EXERCISE DIRECTIONS.
Repeat each entry below exactly, omitting any picture it holds.

INFORMATION PROVIDED.
────────────────────────────────────────

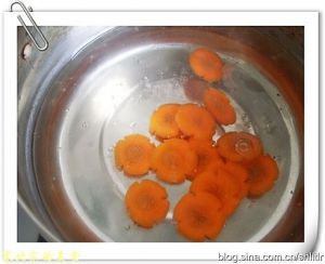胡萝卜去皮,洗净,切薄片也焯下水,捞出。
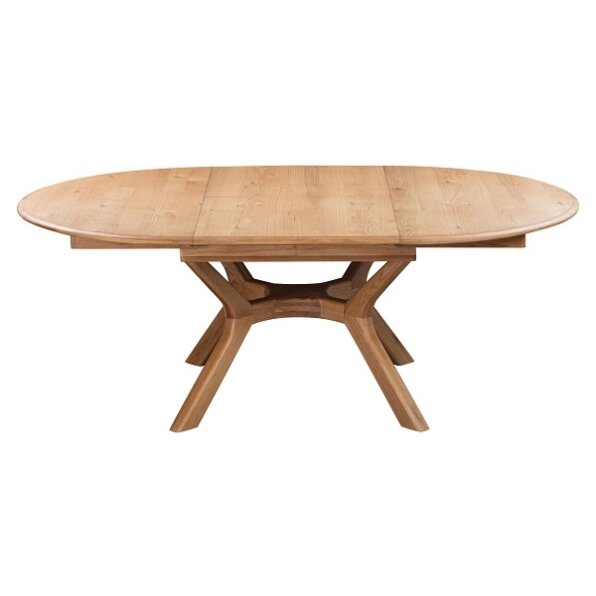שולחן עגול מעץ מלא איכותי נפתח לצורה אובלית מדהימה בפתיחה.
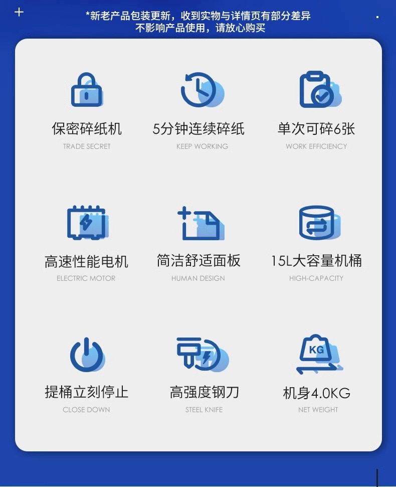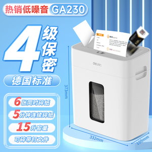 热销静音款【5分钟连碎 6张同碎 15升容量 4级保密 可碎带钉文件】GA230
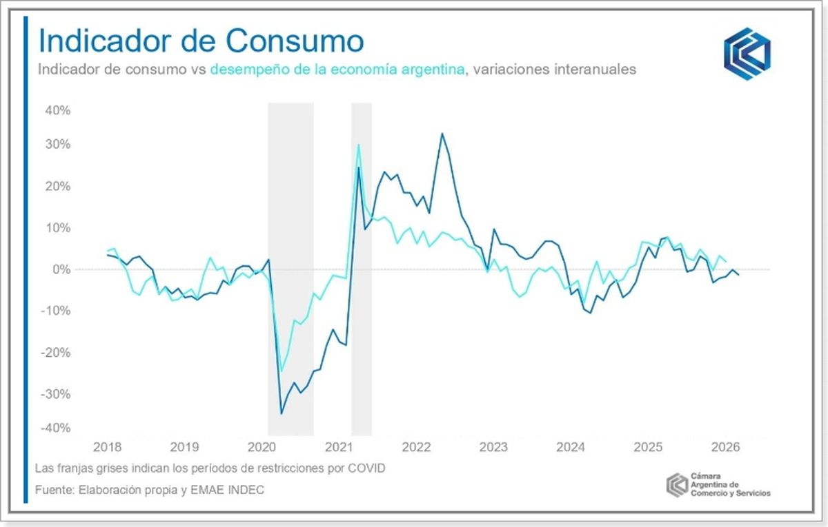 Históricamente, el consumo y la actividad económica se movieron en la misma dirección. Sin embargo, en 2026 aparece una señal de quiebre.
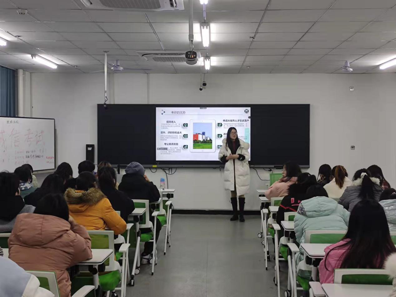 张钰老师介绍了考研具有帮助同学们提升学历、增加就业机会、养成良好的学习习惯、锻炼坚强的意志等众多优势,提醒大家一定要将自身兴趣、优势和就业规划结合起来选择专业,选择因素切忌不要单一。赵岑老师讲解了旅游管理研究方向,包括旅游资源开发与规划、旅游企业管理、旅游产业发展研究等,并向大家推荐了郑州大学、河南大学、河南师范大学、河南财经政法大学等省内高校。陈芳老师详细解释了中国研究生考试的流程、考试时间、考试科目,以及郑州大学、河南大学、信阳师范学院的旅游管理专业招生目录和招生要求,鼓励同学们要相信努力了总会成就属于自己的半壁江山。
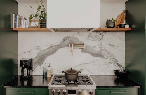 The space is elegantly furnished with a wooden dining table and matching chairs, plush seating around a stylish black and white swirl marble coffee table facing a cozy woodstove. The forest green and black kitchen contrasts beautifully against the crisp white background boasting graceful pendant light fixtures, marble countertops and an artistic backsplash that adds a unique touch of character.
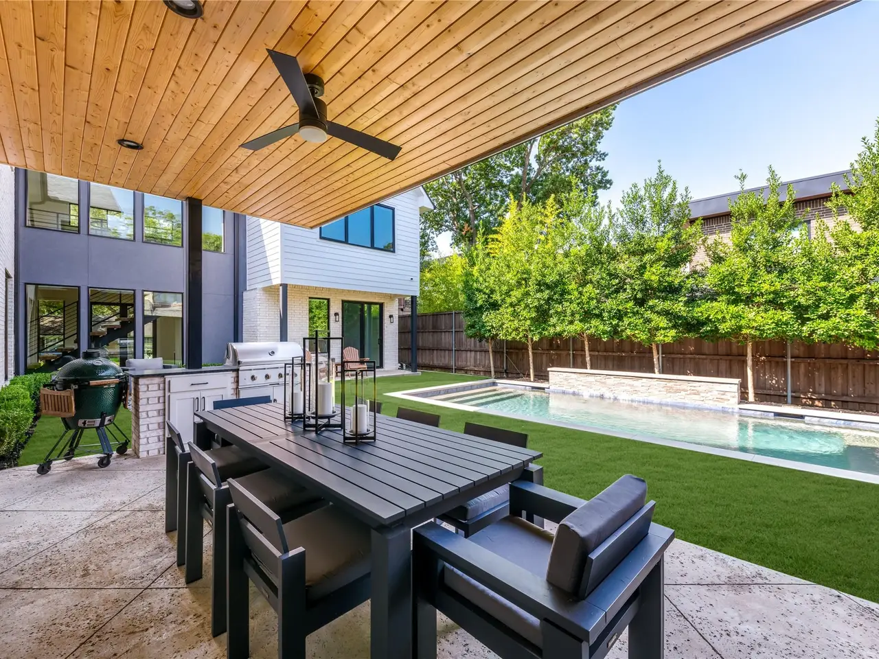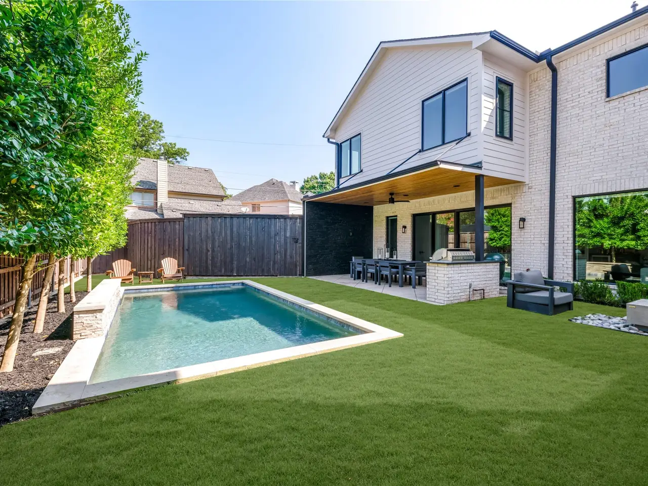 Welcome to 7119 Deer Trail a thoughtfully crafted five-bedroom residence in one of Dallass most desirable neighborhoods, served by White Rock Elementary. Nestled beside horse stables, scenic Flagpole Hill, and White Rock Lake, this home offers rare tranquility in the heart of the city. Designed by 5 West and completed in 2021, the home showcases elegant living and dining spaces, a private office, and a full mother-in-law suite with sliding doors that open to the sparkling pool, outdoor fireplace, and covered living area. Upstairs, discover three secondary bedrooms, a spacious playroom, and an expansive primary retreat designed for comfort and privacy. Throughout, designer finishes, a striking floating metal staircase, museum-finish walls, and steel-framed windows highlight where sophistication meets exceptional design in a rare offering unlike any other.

────────────────────────────────────────

RESPONSE.
胡萝卜去皮,洗净,切薄片也焯下水,捞出。
שולחן עגול מעץ מלא איכותי נפתח לצורה אובלית מדהימה בפתיחה.
 热销静音款【5分钟连碎 6张同碎 15升容量 4级保密 可碎带钉文件】GA230
 Históricamente, el consumo y la actividad económica se movieron en la misma dirección. Sin embargo, en 2026 aparece una señal de quiebre.
 张钰老师介绍了考研具有帮助同学们提升学历、增加就业机会、养成良好的学习习惯、锻炼坚强的意志等众多优势,提醒大家一定要将自身兴趣、优势和就业规划结合起来选择专业,选择因素切忌不要单一。赵岑老师讲解了旅游管理研究方向,包括旅游资源开发与规划、旅游企业管理、旅游产业发展研究等,并向大家推荐了郑州大学、河南大学、河南师范大学、河南财经政法大学等省内高校。陈芳老师详细解释了中国研究生考试的流程、考试时间、考试科目,以及郑州大学、河南大学、信阳师范学院的旅游管理专业招生目录和招生要求,鼓励同学们要相信努力了总会成就属于自己的半壁江山。
 The space is elegantly furnished with a wooden dining table and matching chairs, plush seating around a stylish black and white swirl marble coffee table facing a cozy woodstove. The forest green and black kitchen contrasts beautifully against the crisp white background boasting graceful pendant light fixtures, marble countertops and an artistic backsplash that adds a unique touch of character.
 Welcome to 7119 Deer Trail a thoughtfully crafted five-bedroom residence in one of Dallass most desirable neighborhoods, served by White Rock Elementary. Nestled beside horse stables, scenic Flagpole Hill, and White Rock Lake, this home offers rare tranquility in the heart of the city. Designed by 5 West and completed in 2021, the home showcases elegant living and dining spaces, a private office, and a full mother-in-law suite with sliding doors that open to the sparkling pool, outdoor fireplace, and covered living area. Upstairs, discover three secondary bedrooms, a spacious playroom, and an expansive primary retreat designed for comfort and privacy. Throughout, designer finishes, a striking floating metal staircase, museum-finish walls, and steel-framed windows highlight where sophistication meets exceptional design in a rare offering unlike any other.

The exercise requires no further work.